During the 2007 track season, Bauhs beat Nicodemus Naimadu of Abilene Christian to win the 10k title. Naimadu was previously undefeated. Later on, Bauhs broke the four-minute-mile barrier, and American Age Group Records in the half-marathon. He also broke the NCAA Division II American records in the 5k and 10k.
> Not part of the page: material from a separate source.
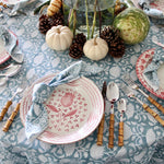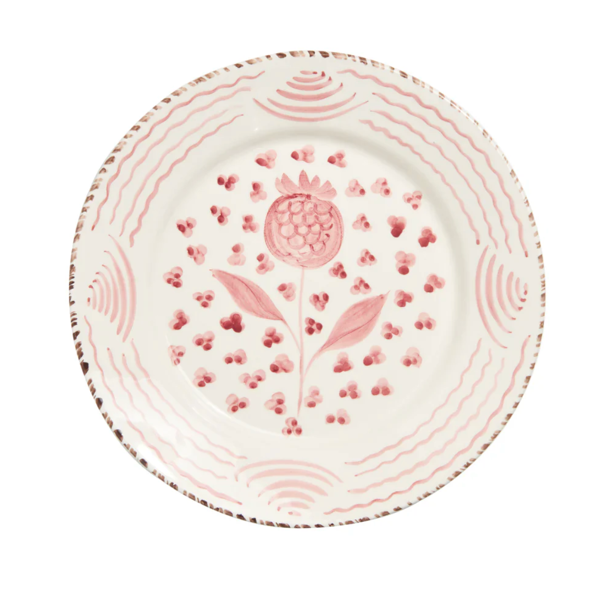 Introducing the Pomegranate and Waves Pink and White Dinner Plate: a chic and sophisticated piece crafted in Portugal with exquisite care, perfect for adding a touch of luxury to your dinner table. Its elegant floral and wave pattern, in a classic dusty pink and white color combination, is sure to transport your dinner setting to new heights of sophistication. Microwave and dishwasher safe. See special order note.

During his time at Chico, Bauhs ran under coach Gary Towne.

==Achievements==
- 2007 Chiba Ekiden Team USA Member
- 2008 World Cross Country Team USA Member
- 2009 World Half Marathon Team USA Member
- 2010 World Cross Country Team USA Member
- 2007 NCAA DII 10,000 m Champion
- 2007 NCAA DII 5,000 m Runner-up
- 2008 NCAA DII 5,000 m Champion
- 2008 NCAA DII Cross Country Champion
- 2008 US Club Cross Country National Champion
- 2010 US Cross Country Championships 3rd place
- 2010 US Indoor Championships 4th place 3000 m
- NCAA DII 10,000 m Record
- 2008 USTFCCCA NCAA DII Track & Field Athlete of the Year
- 2007-2008 CCAA Athlete of the Year
- 2006-2009 Chico State Athlete of the Year
- 4-time USTFCCCA All-American NCAA DII Cross Country
- 4-time USTFCCCA All-American NCAA DII Track & Field
- 21 and under US age group record in half marathon
- 2nd 2003 California State track & field championships 3200 m
- Finished 6th in the 2010 Bay to Breakers 12k run
- Finished 51st in the 2008 IAAF World Cross Country Championships
- #4 on 2008 USA list for 10,000 m
- #4 best American in 10,000 m collegiate history
- 3rd at the USA Track and Field Championships 10,000m 2011
- Finished #14 at the 2011 Daegu IAAF World Championships (3rd American)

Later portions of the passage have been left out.